2. The circuit of claim 1 , wherein a sum of the capacitances of the first half-bridge capacitor and the second half-bridge capacitor are substantially equal to a sum of the capacitances of the first sensor capacitor and the second sensor capacitor.
3. The circuit of claim 1 , wherein the capacitances of the first half-bridge capacitor and the second half-bridge capacitor are electronically controlled such that the difference between the sum of the capacitances of the first half-bridge capacitor and the second half-bridge capacitor and the sum of the capacitances of the first sensor capacitor and the second sensor capacitor is substantially zero.
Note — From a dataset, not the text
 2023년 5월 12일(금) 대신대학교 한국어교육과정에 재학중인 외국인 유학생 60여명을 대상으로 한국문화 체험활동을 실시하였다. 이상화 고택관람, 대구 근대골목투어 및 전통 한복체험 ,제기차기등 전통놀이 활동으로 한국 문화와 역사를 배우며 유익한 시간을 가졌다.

4. The circuit of claim 3 , wherein the half-bridge trimming circuit comprises: a plurality of switches for shorting outputs of the plurality of sense nodes; and a sense amplifier for receiving shorted outputs of the plurality of sense nodes, wherein the sense amplifier is configured to determine a difference between the sum of the capacitances of the first half-bridge capacitor and the second half-bridge capacitor and the sum of the capacitances of the first sensor capacitor and the second sensor capacitor based on the shorted outputs of the plurality of sensing nodes.
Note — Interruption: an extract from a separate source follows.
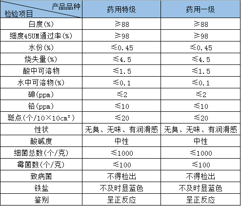 "海達牌"超細滑石粉是選用優質滑石礦為原料,經過采選、水洗、風干、破碎、研磨等工序加工而成。每道工序,都嚴格按照中國藥典2010版的操作規格和檢測標準進行生產,最終產品經檢測合格后,才準予包裝出廠。產品應用于西藥、中成藥、糖漿輔藥.

5. The circuit of claim 1 , further comprising: a first drive node for driving a voltage of the first sensor capacitor and the second sensor capacitor; and a second drive node for driving a voltage of the first half-bridge capacitor and the second half-bridge capacitor, wherein the first drive node and the second drive node are driven with opposite phases.
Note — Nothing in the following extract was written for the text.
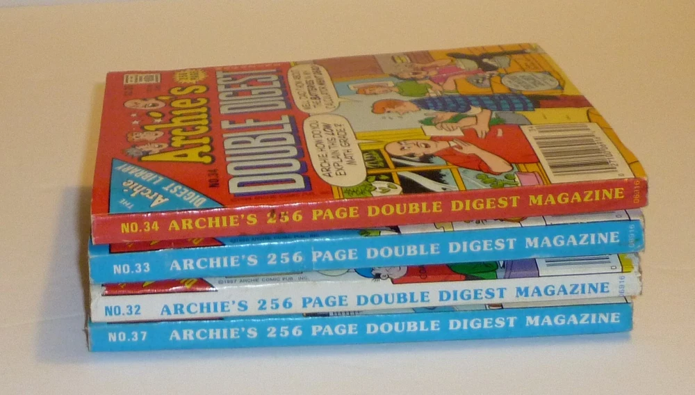 Archie's Double Digest magazine no. 33 vintage comics 1988 32, 34, 37. The four digests are in good vintage condition. Spine stain on No. 34. No.32 has corner wear. There is a slight musty smell from being stored. Please see the photos as they help with my description. Shipping ~ Ground advantage takes 2-5 business days. I like to ship in two business days. Combined shipping ~ Combined shipping cost is available when you order more than one listing from me. Thanks for looking. Returns~ Item may be returned within 30 days for refund. The refund will be issued once the item is received in original selling condition. Damage~ I package my sold items well but i f your item happens to be received damaged please provide me with photos of damage so I can file a damage claim with USPS. Please keep the box or envelope and all shipping materials for claim. Questions~ Feel free to message me. If there is any issue with order please contact me first so I can help you in a timely and friendly manner. International~ All items are shipped via eBay's global shipping program. You may want to c heck which customs and import charges may apply before you purchase or bid. Buyer is responsible to pay if there is any additional import charges, d uties, t ariffs, e xcise taxes, penalties, charges, v alue added taxes, etc. Check with your country's customs office for more specific details if you are not sure. Thank you.

6. The circuit of claim 5 , further comprising: a shield node coupled through a capacitor to the first drive node; and a shield coupling compensation capacitor coupled to the shield node and the second drive node, the shield coupling compensation capacitor for compensating a charge injection into the shield node from the first drive node.
7. The circuit of claim 6 , further comprising: a shield coupling compensation capacitor trimming circuit coupled to the shield node and configured to determine a ripple voltage on the shield node caused by the charge injection, wherein a capacitance of the shield coupling compensation capacitor is electronically controlled such that the ripple voltage on the shield is substantially zero.
8. The circuit of claim 5 , further comprising: a drive node to ground coupling compensation capacitor for compensating for a difference in voltage slopes of the first drive node and the second drive node.
9. The circuit of claim 8 , further comprising: a drive node to ground coupling compensation capacitor trimming circuit coupled to the first drive node and the second drive node, the drive node to ground coupling compensation capacitor trimming circuit configured to determine the difference in slopes of the first drive node and the second drive node; wherein a capacitance of the drive node to ground coupling compensation capacitor is electronically controlled such that the difference in slopes of the first drive node and the second drive node is substantially zero.
10. The circuit of claim 9 , wherein the drive node to ground coupling compensation capacitor trimming circuit comprises: a logic circuit coupled to the first and second drive node; wherein an output of the logic circuit is a pulse having a width proportional to the difference in slopes of the first and second drive nodes.
11. The circuit of claim 10 , wherein the logic circuit comprises: a first logic coupled to the first drive node; a second logic coupled to the second drive node; and a third logic coupled to the first logic and the second logic; wherein the logic circuit is configured for activation responsive to receiving an enable/disable signal.
12. The circuit of claim 1 , wherein the sensor is a microelectromechanical (MEMS) sensor.
13. The circuit of claim 1 , wherein the half-bridge circuit is implemented in CMOS.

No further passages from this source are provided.